The Cleaners is a journey into a hidden shadow industry in Manila, Philippines, right into the heart of digital censorship - where the internet has to be "cleaned" of controversial content. Who controls what we see and what we think?

A panel discussion will follow with participation of the audience. Cocktail reception at the end of the evening.

National museum | 19 March 2019 | 5.45 pm | FREE ENTRANCE



This documentary shows the sweatshop-like labor of internet content moderators

When scrolling through their Facebook feed, the average user won’t tend to see beheading videos, human genitalia, or brutal child abuse amid their standard content engagement announcements, cute animal videos, or even heated political spats.

There’s a reason why most people’s Facebook feeds are relatively sanitized. A documentary that premiers on TV Nov. 12 in the US is a stark reminder that a large group of real human beings are tasked with making the internet palatable for the rest of the world’s population.

The Cleaners is the first film by two German filmmakers, Moritz Riesewieck and Hans Block, and will be broadcast on PBS at 10pm US Eastern time, having debuted earlier this year at the Sundance Film Festival. The documentary follows a group of content moderators in the Philippines, where platforms like Facebook and YouTube outsource a large chunk of their review operations, with commentary from with experts and former executives.

The film is dramatized, with the moderators often shown at night, in empty, dark office buildings, narrating the footage with a monotone “delete, delete, ignore, ignore, ignore,” as computer monitors illuminate their faces. But no flashy dramatic effects are necessary to show the horrors of what these people have to deal with.

As one moderator in the film says, “this job makes you think violence is normal.” The moderators become experts at the most violent content out there, discerning corpses by the type of weapon used in the beheading. The film describes a harrowing story of one moderator who reportedly took his own life after repeatedly asking to be transferred from the team he served on. His coverage area was live self-harm content, including suicide attempts.

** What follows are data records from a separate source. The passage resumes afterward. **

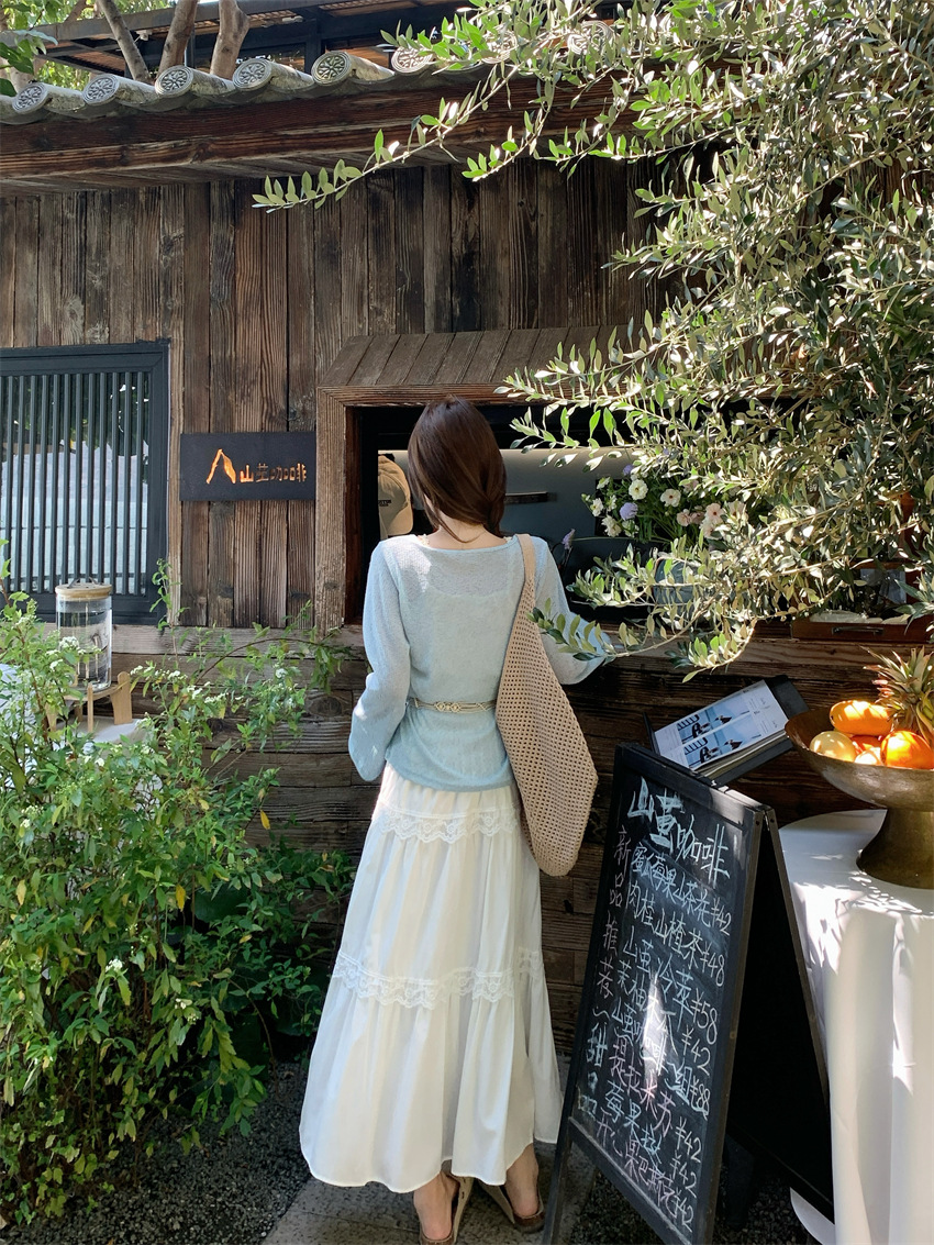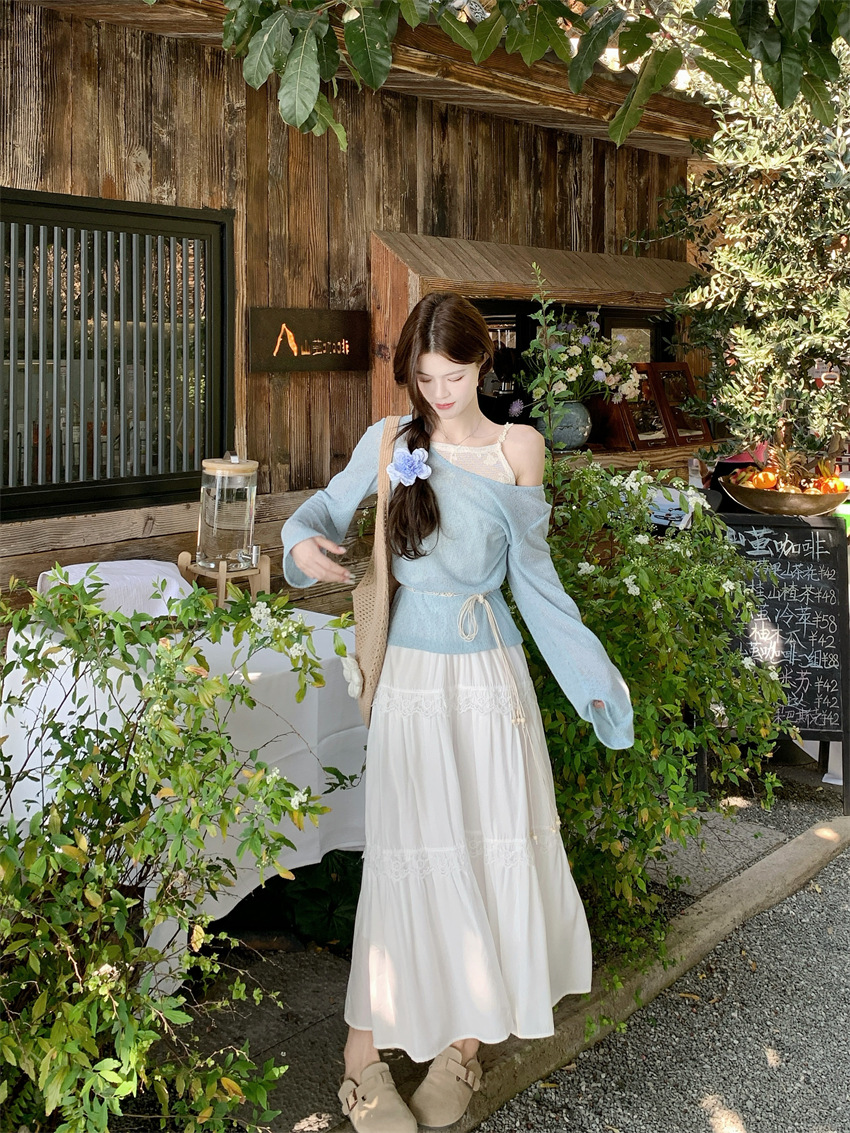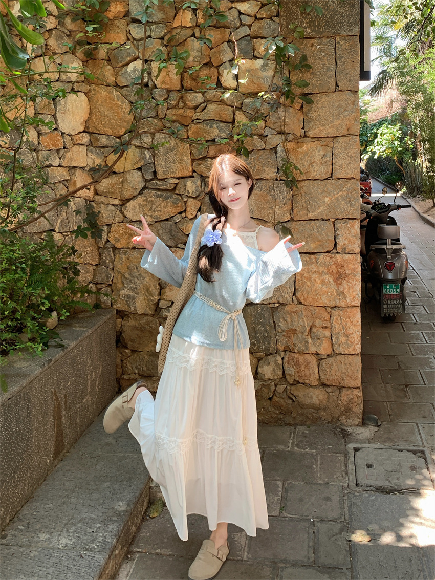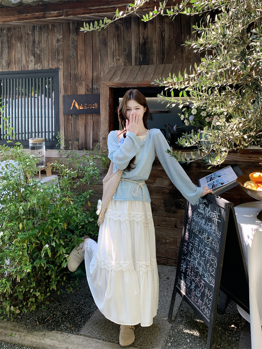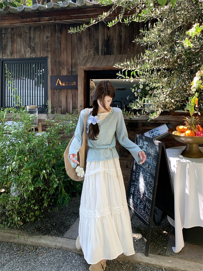 리얼 샷 부드러운 달콤한 소녀 스타일 긴 소매 라운드 넥 가짜 투피스 티셔츠 탑 레이스 레이스 케이크 스커트 79343
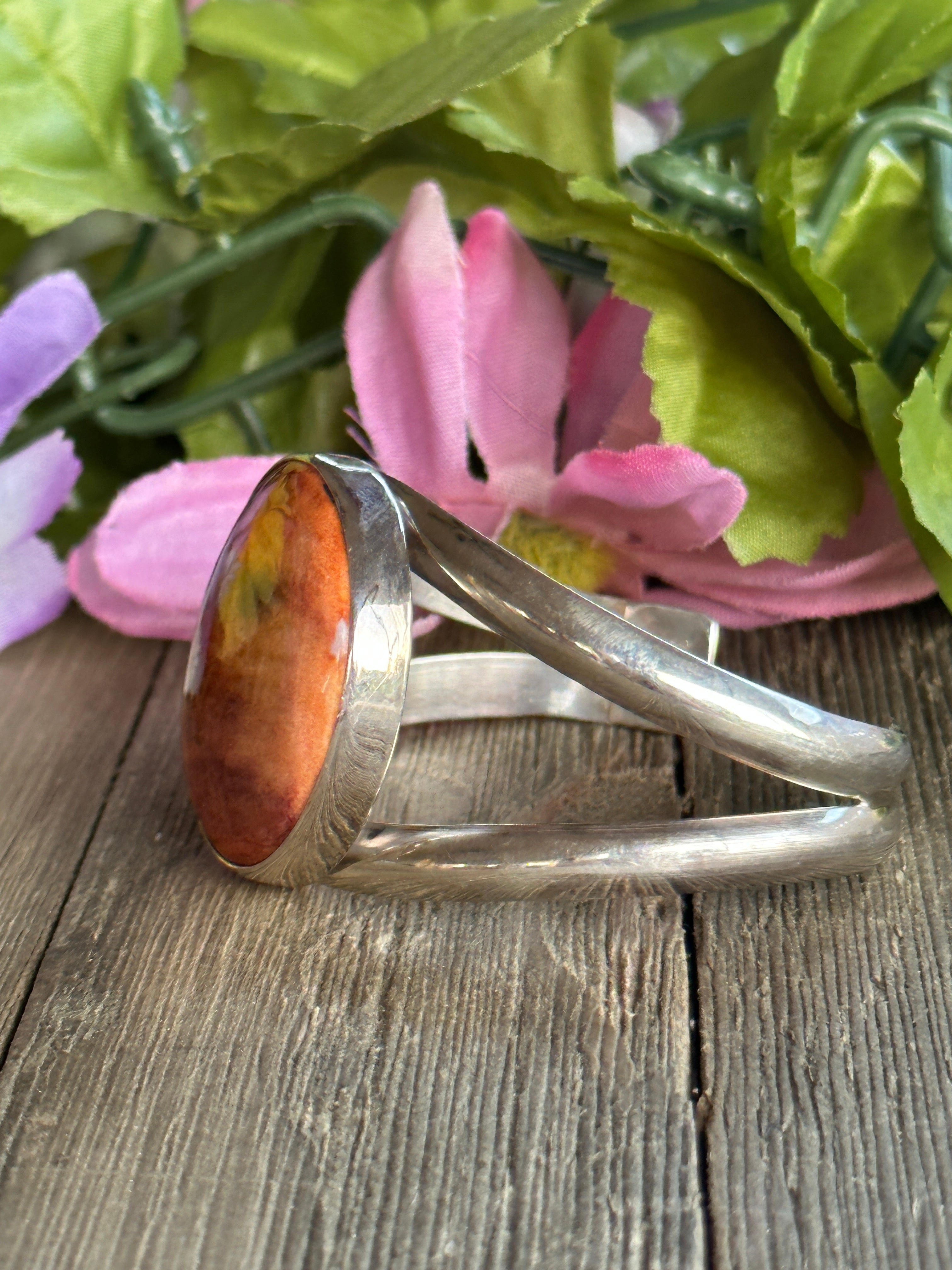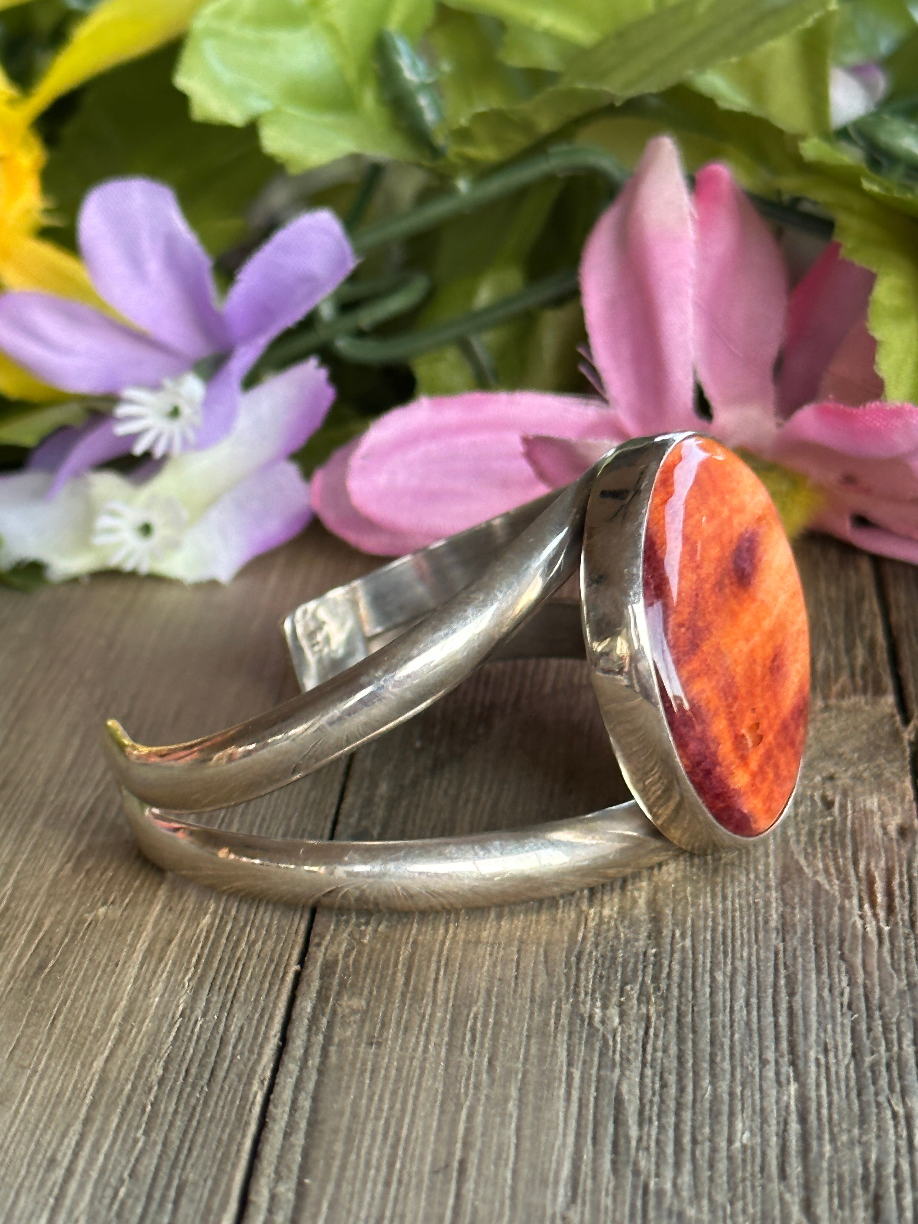 Navajo Made Spiny Oyster and Sterling Silver Cuff Bracelet
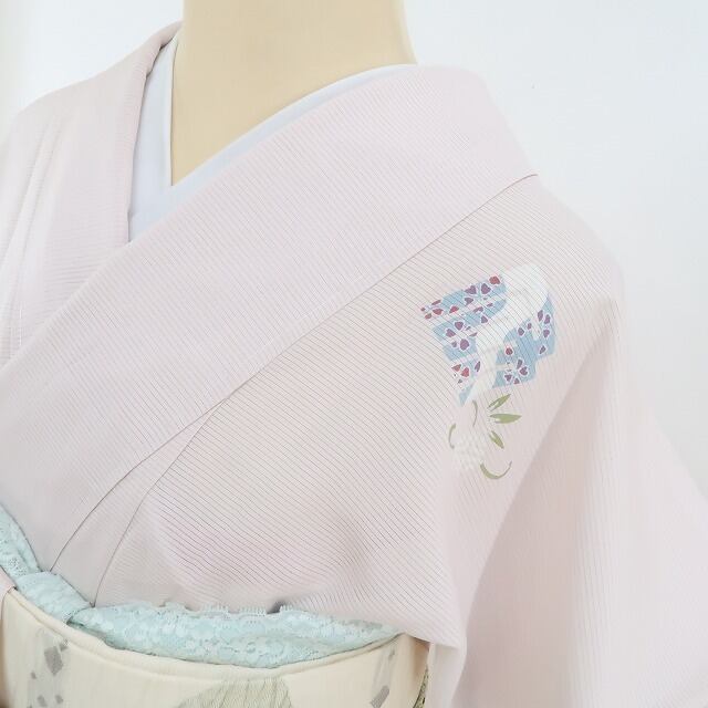 こちらのお着物は、居敷当て付の高級仕立てとなっております。お座りになられました時など薄手着物特有のよれを低減し、また下にお召になられましたものの透けを防止する効果もございます。

At the same time, some of the moderators see themselves as those who safeguard the internet. To do this job, you have to “have principles,” one of them says.

In the end, as Bryan Bishop aptly put it at The Verge, the film ends up being about how horrible the internet is, not merely about how horrible these people’s jobs are. It shows what happens, when, as Facebook CEO Mark Zuckerberg says in a speech poignantly shown in the movie, you “give anyone in the world the power to share anything with anyone.”

The documentary grapples with the central tension that plagues internet platforms: free speech versus clean discourse. It does so not just by interviewing experts, but also juxtaposing stories of people censored by the platforms—like an artist who drew an imagined portrait of a naked Donald Trump—with those at the end of the decision-making chain, the moderators who try to follow the platforms’ rules. The major technology companies face an often impossible question: when is something worth keeping up, and when should it be taken down? Who should be dictating these rules?

It doesn’t offer a direct answer, but it questions how we got here in the first place.